13時間 ベンガジの秘密の兵士のあきのレビュー・感想・評価

3.5
創作物だとまず死なない設定の者が死んでしまったり、”そのフリこの人死ぬ前フリだな”と思った人が死ななかったりする忖度のない実話ベースのこの物語は、その意外性と先が読めないのがやはりリアルで、フィクションは現実を越えられないと改めて痛感する。
そして2時間半にわたる長尺なのに時間を忘れるほど緊張感が途切れることがなかった。
それにしても、
9.11によって対立軸が明確になった中東vs米は、重火器や無人機他爆撃機等が主体となるいわゆる”戦争”では圧倒的優位に立つアメリカでも、戦地を敵国に位置した武装集団との肉弾戦による”地上戦”が主体では人数的に圧倒的不利を強いられ、劇中にある悲劇は到底避けられないが、戦死してる数的には圧倒的に敵国側にあり、理由がどうであれ殺された側は相手に恨みしか残らず、シリア側の戦死した者の母親や子どもの泣き悲しむシーンは、改めて戦争には本当の解決など導き出すことなどできないのだと確信する。
そして、「グリーン・ゾーン(2010,米)」でも、”自分たちの国の未来は自分たちが決めるんだ”と印象的なセリフがあったけど、まさに同じセリフがこの映画でも発せられる。
これはつまり、大国のイデオロギーや正義が決して唯一の選択肢ではなく、その国の国民の自主性主体性を無視した押し付けは決してその土地に根付かないことは、米国が撤退した途端政権が転覆したアフガンの事例が明確に示したことは記憶に新しい。

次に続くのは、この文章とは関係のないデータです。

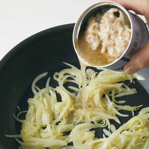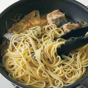 今回ご紹介するのは「さば缶と青じその和風スパゲッティ」。うまみたっぷりのさば缶は、汁ごと使ってパスタのソースに。たまねぎの甘みが、全体をマイルドにまとめてくれます。仕上げに加える青じその爽やかな香りがアクセントに。

そしてあれだけ対立が明確であったところの主役であった中東がいまやすっかり影を潜め、いつの間にか今ではすっかり中国との対立ばかりが焦点となっているが、決して中東との対立が消えたわけではなく、
改めて9.11の頃より世界は局地的からより一層世界的な戦争の時代に入りつつあることを感じて戦慄する。